“There is a Japanese way of thinking that looks on a piece of ceramic without food as unfinished.” wrote the great chef Tetsuya Wakuda.
“But put some food on it, and the piece has a life, a reason to be.”
Wakuda was writing about his potter, Mitsuo Shoji. But he might have been writing about the pottery of Sinead Axworthy, of SINK studio in Milltown, County Kerry.
Sinead makes beautiful dishes, often for professional chefs, and when the chef puts a piece of food on them, then they instantly have a life, they find their reason to be. With a piece of cooking aboard, the vessel can be launched.
You might have enjoyed using Sinead’s work at some of the leading food destinations in Ireland: at Dede in West Cork, at Kai in Galway, at Dunmore House Hotel, just outside Clonakilty. Or, more recently, at 505 in Dingle, where Damien Ring and Suzi O’Gorman use Sinead’s plates to stunning effect.
When Damien and Suzi were ordering their ceramics from Sink studio, in nearby Milltown, they knew what they wanted. Yes, they loved the off-white plates which Sinead had created. But, asked Damien: “Could we have this 80 grams heavier?”
“I kinda love that, though” says Sinead, standing in the aesthetically messy space that is her one-room studio in Milltown, a town seemingly poised between rapid expansion and steady dereliction. “He was like: can we have them 750-800 grammes? and I was like, yeah!”
Ahmet Dede, on the other hand, “was completely different. He gave me so much creative freedom. I like people telling me what to do, but I also like people just saying: go!”
Sinead brings a box of samples of her work from which the restaurateurs choose what they want. “They say, okay, I like this texture, I like this glaze, I like this shape, and then I go home and make something, and that’s what I did with Ahmet. I brought my samples and he was like: yeah, love this texture, love this shape, I want it in that colour, I want it this size…”
“I’m obsessed with textures,” she says, “and that’s why I love clay, because you can print anything on it. I love going on walks, collecting things, so if I’m on the beach I’ll collect a stone and roll it across the piece to see what texture I can get.”

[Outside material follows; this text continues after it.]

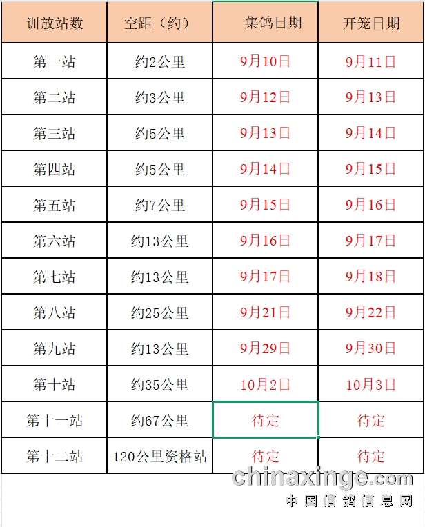 广东尔翔(秋棚)第十站35公里训放定于2025年10月2日晚集鸽,10月3日早上开笼!如遇恶劣天气,则改期另行通知!

Sinead’s pottery works because it harmonises with all the elements of the dining experience. The ingredients plated by the chef are framed, contained and counterpointed by the vessels, so that the food lies in lockstep with the plating, creating an effect which is both pictorial and abstract, both visual and tactile.
And then Sinead’s signature embellishments – fingermarks, shell impressions, lines drawn as if across a landscape – add further contrast, with the plates taking on an active role in the creation and serving and success of the dish.
Private clients often contact Sinead after seeing her work in various restaurants, and in addition to her pottery she runs pottery classes in the studio in Milltown, from one-to-one classes to small groups of 6 people, under the Flow Pottery brand.
You will find her on the Main Street in Milltown, between Alma’s chipper and the Kingdom Bakery, crafting exquisite plates and pottery and eating vessels before sending them off into the world to find their reason to be.